Problem statement. In the entries below, find the line with "スポーツ アウトドア 株ナイキジャパン" and the line with "Nous vous proposons"; give again those lines and every line between them, exactly.

[[ Data excerpts open ]]

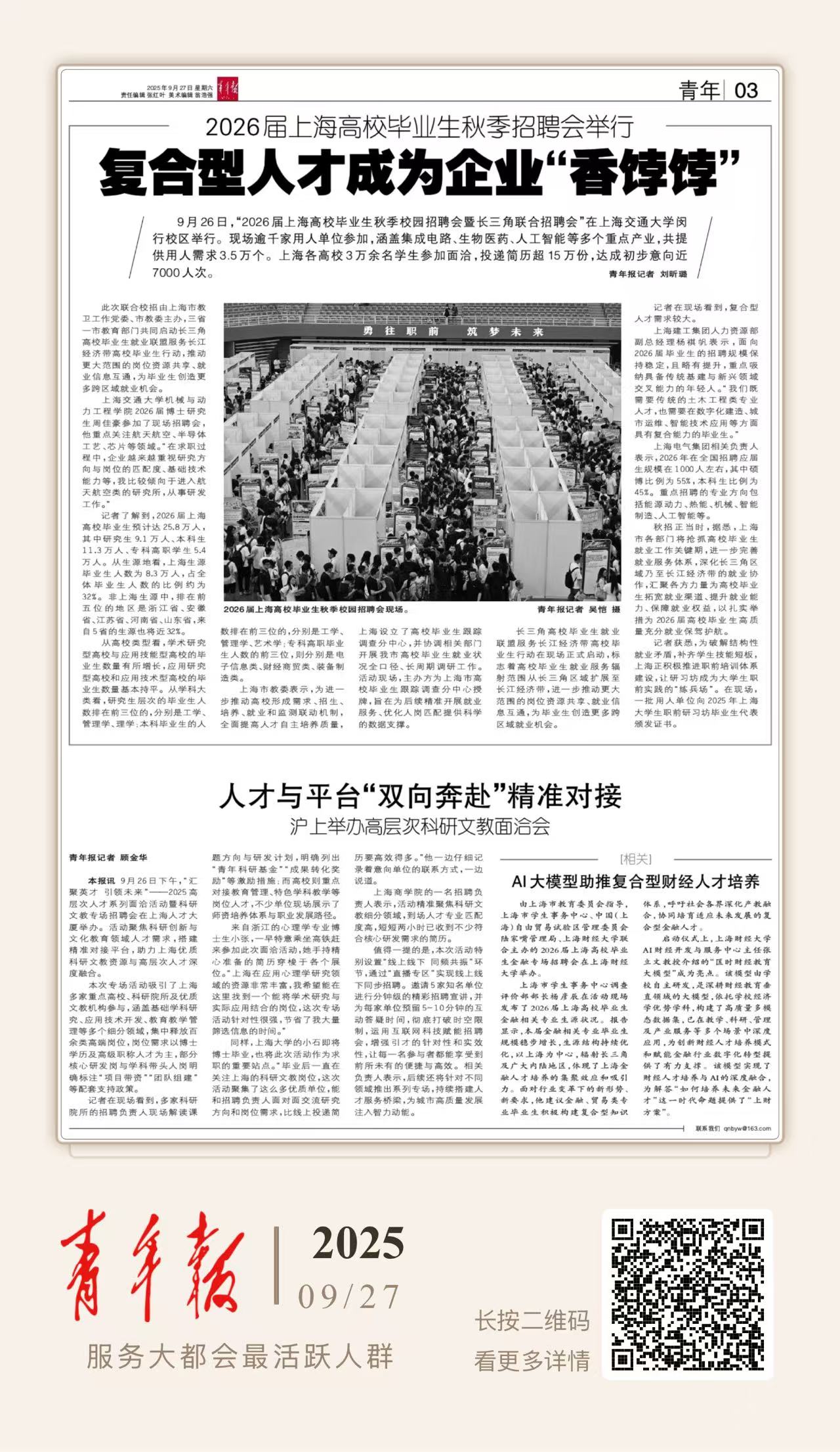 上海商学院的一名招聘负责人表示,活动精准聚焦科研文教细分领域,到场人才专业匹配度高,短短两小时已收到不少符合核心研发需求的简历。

[[ Data excerpts closed ]]
[[ Data excerpts open ]]

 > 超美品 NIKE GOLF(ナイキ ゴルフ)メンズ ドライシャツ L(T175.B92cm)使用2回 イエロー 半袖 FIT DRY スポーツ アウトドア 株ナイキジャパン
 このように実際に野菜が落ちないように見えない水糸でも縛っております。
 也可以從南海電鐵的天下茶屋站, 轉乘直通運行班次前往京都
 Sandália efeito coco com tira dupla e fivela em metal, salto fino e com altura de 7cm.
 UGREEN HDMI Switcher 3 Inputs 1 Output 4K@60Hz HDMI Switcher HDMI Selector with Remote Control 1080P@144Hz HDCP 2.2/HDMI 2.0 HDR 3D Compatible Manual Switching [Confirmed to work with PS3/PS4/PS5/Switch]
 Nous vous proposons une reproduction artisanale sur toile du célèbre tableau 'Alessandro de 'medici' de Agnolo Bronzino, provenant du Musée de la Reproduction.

[[ Data excerpts closed ]]
[[ Data excerpts open ]]

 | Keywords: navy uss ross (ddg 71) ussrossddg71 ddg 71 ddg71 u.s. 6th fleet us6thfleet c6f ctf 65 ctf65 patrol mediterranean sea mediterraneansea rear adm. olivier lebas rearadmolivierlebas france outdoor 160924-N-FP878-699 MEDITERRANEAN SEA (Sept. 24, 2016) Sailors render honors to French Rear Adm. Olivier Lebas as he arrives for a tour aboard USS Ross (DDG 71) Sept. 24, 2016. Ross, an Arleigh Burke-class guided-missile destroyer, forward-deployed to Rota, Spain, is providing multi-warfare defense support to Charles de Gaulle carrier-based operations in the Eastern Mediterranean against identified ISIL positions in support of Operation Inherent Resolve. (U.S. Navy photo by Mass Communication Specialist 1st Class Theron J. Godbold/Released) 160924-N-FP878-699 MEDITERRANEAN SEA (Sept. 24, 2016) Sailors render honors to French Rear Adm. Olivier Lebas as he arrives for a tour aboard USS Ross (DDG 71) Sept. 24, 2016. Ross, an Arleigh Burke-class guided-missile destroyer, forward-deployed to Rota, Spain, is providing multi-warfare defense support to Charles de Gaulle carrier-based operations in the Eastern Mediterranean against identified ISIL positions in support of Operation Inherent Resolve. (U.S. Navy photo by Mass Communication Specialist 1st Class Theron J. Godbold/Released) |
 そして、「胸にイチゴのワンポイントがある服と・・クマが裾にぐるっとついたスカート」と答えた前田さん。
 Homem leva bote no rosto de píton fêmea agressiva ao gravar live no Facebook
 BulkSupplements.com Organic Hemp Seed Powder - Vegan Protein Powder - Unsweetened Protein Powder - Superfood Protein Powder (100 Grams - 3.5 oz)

[[ Data excerpts closed ]]

Your solution.
 > 超美品 NIKE GOLF(ナイキ ゴルフ)メンズ ドライシャツ L(T175.B92cm)使用2回 イエロー 半袖 FIT DRY スポーツ アウトドア 株ナイキジャパン
 このように実際に野菜が落ちないように見えない水糸でも縛っております。
 也可以從南海電鐵的天下茶屋站, 轉乘直通運行班次前往京都
 Sandália efeito coco com tira dupla e fivela em metal, salto fino e com altura de 7cm.
 UGREEN HDMI Switcher 3 Inputs 1 Output 4K@60Hz HDMI Switcher HDMI Selector with Remote Control 1080P@144Hz HDCP 2.2/HDMI 2.0 HDR 3D Compatible Manual Switching [Confirmed to work with PS3/PS4/PS5/Switch]
 Nous vous proposons une reproduction artisanale sur toile du célèbre tableau 'Alessandro de 'medici' de Agnolo Bronzino, provenant du Musée de la Reproduction.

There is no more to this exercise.